Erase una vez en la mafia

All Rights Reserved ©

Summary

Ella sólo quería una vida sencilla. Un hogar pequeño. Un futuro lejos del peligro. Pero cuando el hombre más temido de la ciudad decide que le pertenece, su realidad cambia para siempre. Encerrada entre el lujo y las sombras de un imperio criminal, deberá aprender a sobrevivir en un lugar donde el poder se impone, la lealtad se pone a prueba… y el amor puede ser tan peligroso como una bala.
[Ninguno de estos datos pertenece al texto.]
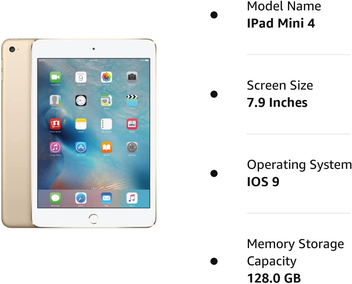The Apple iPad mini 4 is a useful device driven by a robust 1.5 GHz processor and running on iOS platform. The tablet is equipped with 128 GB memory storage. It also features a convenient 7.9-inch display that provides clear visuals. This Apple tablet supports Wi-Fi connectivity and lets its users wirelessly surf the Web, check e-mails, or stream videos. Furthermore, the Apple device has a built-in camera. Its weight is 0.67 lbs. The product is available in gold.

En un juego donde nadie es completamente inocente, confiar puede costarlo todo. Érase una vez en la mafia es una historia de tensión, deseo y secretos, donde el mayor peligro no siempre es quien sostiene el arma… sino quien logra tocar tu corazón.

Status
Ongoing
Chapters
49
Rating
5.0 2 reviews
Age Rating
18+

La Amante

Dicen que la mafia no es violencia, que es honor, familia, lealtad; que es un apellido que se pronuncia en voz baja y con respeto, un pacto antiguo sellado con sangre y silencio.
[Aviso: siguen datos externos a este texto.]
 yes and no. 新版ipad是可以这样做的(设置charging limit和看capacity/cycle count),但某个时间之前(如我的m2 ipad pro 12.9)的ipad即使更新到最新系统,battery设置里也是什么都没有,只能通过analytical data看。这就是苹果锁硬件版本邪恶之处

Dicen que es orden en medio del caos, un lenguaje secreto que solo los iniciados comprenden, una mano invisible que sostiene a los suyos cuando el mundo se vuelve hostil.
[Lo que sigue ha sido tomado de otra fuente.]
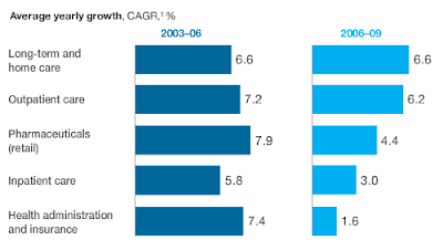 While the Great Recession did slow down the growth rate in spending on health care, certain categories saw very small reductions in spending growth, particularly long-term and home care and outpatient care as shown on this graph: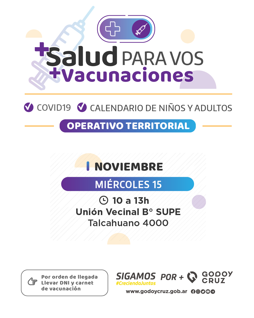 En el marco de la campaña Más Salud para Vos, el miércoles 15 se realizará un operativo de vacunación. Es por eso que el encuentro será en la Unión Vecinal del barrio SUPE, Talcahuano 4000, de 10 a 13.

Lo que no dicen es cómo te mira cuando decide que eres suya.

Porque la mafia no entra en tu vida con un disparo; entra con una promesa. Se desliza como seda negra, te rodea con paciencia, te susurra que contigo será distinta, que te protegerá del mundo, que te dará poder, que te convertirá en algo más grande que tus propias limitaciones. Y por un instante —breve, brillante, vertiginoso— le crees, porque la adrenalina se confunde con destino y el peligro se disfraza de pasión.

Te hace sentir invencible. Intocable. Elegida.

Hasta que un día comprendes que no eras invitada.

Eras propiedad.

La mafia no ama: posee. No protege: encierra. Y cuando decide que te necesita, no pregunta. Toma.

Se convierte en una amante caprichosa que promete eternidad mientras afila las cadenas.

Lucía aún no lo sabía. Pero esa tarde, cuando el hombre de traje oscuro cruzó la puerta del café, la amante ya la había elegido.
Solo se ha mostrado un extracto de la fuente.